# Wyndham Website



## jjmanthei05 (May 9, 2012)

I know they said that they were doing  website maintenance and there would be no access to login today or tomorrow but when I checked today the website wasn't up at all. I can understand not being able to log in but when have you ever heard of a company, especially one the size of Wyndham, take their website completely offline for 2 days? Just amazing. 

Jason


----------



## Explorer7 (May 9, 2012)

jjmanthei05 said:


> I know they said that they were doing  website maintenance and there would be no access to login today or tomorrow but when I checked today the website wasn't up at all. I can understand not being able to log in but when have you ever heard of a company, especially one the size of Wyndham, take their website completely offline for 2 days? Just amazing.
> 
> Jason




You are right, that's pretty extreme to have no site found displaying on purpose.


----------



## antjmar (May 9, 2012)

jjmanthei05 said:


> I know they said that they were doing  website maintenance and there would be no access to login today or tomorrow but when I checked today the website wasn't up at all. I can understand not being able to log in but when have you ever heard of a company, especially one the size of Wyndham, take their website completely offline for 2 days? Just amazing.
> 
> Jason


I agree. But  FYI its not all their  websites, its  just their *timeshare *website. Their other websites are up and running. (wyndham.com etc...)


----------



## siesta (May 9, 2012)

Wyndhamworldwide.com is up and running

Wyndham.com is up and running


----------



## scootr5 (May 9, 2012)

I was pretty surprised to not get a basic page - apparently there's no co-location going on there.


----------



## jdunn1 (May 9, 2012)

Same deal for WorldMark.  Worse for WorldMark owners, we have no access to RCI for two days, either.  I guess we could call and maybe ongoing searches are still working but for WorldMark owners, we can only exchange in RCI by going through the WorldMark website.  Very frustrating!!!


----------



## CARSTOP2 (May 9, 2012)

*wyndham comupter down*

I ask why Wyndham is going to be down for a couble of days and they told me that they are moving their computer center to a whole new location. That their would be no access for these two days.


----------



## jjmanthei05 (May 9, 2012)

jdunn1 said:


> Same deal for WorldMark.  Worse for WorldMark owners, we have no access to RCI for two days, either.  I guess we could call and maybe ongoing searches are still working but for WorldMark owners, we can only exchange in RCI by going through the WorldMark website.  Very frustrating!!!



Wyndham has the same issue.

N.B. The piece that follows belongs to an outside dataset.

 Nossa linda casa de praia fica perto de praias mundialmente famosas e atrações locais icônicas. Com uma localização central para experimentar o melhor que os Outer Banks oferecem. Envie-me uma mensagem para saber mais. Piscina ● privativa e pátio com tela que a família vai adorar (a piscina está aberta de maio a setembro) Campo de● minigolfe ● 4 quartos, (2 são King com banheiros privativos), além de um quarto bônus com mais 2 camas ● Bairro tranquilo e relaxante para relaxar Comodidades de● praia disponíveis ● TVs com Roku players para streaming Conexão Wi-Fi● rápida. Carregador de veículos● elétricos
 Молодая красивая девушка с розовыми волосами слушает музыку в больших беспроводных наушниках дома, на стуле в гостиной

We go through the website now. And if you don't have the points in there currently no way to get them in there either. 

Jason


----------



## jjmanthei05 (May 9, 2012)

antjmar said:


> I agree. But  FYI its not all their  websites, its  just their *timeshare *website. Their other websites are up and running. (wyndham.com etc...)

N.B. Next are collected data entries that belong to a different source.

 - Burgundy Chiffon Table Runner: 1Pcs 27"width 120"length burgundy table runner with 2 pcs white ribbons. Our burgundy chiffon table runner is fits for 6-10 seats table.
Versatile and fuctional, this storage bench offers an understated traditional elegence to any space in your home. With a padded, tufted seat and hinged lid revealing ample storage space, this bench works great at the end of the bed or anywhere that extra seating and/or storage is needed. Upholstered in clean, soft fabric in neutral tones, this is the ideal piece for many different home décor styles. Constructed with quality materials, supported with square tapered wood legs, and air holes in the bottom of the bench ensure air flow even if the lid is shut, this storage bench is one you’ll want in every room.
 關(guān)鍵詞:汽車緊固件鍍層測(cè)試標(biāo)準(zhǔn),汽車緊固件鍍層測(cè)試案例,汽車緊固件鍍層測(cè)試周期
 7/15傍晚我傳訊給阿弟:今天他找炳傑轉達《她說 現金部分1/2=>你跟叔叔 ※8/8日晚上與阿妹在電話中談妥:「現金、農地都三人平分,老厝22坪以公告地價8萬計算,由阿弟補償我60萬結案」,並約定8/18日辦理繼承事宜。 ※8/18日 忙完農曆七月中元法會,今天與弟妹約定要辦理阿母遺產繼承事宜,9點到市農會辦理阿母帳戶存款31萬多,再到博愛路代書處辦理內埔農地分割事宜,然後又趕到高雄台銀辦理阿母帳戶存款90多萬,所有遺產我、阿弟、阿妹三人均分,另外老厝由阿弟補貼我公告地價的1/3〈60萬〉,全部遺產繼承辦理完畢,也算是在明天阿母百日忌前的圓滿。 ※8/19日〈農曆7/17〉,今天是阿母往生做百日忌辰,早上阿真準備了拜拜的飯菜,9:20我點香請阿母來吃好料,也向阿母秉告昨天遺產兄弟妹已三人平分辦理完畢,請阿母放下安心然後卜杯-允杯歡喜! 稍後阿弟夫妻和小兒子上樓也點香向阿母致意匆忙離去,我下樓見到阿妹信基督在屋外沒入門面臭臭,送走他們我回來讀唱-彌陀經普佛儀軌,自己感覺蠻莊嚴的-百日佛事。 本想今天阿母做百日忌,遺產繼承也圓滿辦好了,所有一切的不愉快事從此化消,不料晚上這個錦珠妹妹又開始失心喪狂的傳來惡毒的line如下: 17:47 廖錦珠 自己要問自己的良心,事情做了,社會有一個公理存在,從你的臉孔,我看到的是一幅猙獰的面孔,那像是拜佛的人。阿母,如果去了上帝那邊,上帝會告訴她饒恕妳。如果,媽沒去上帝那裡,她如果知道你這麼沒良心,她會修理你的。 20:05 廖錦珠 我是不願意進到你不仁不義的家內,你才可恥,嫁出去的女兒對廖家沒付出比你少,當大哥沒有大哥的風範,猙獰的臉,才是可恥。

I know they all aren't down but you would think that something that has over a half million members would have some kind of redundancy. If this is the case we better hope for no flooding or tornadoes or we won't be able to book anything for months.


----------



## DrBopp (May 9, 2012)

Wyndham gave advance notification that the site would be down. What else can they do?

Gordon


----------



## pacodemountainside (May 9, 2012)

jjmanthei05 said:


> I know they all aren't down but you would think that something that has over a half million members would have some kind of redundancy. If this is the case we better hope for no flooding or tornadoes or we won't be able to book anything for months.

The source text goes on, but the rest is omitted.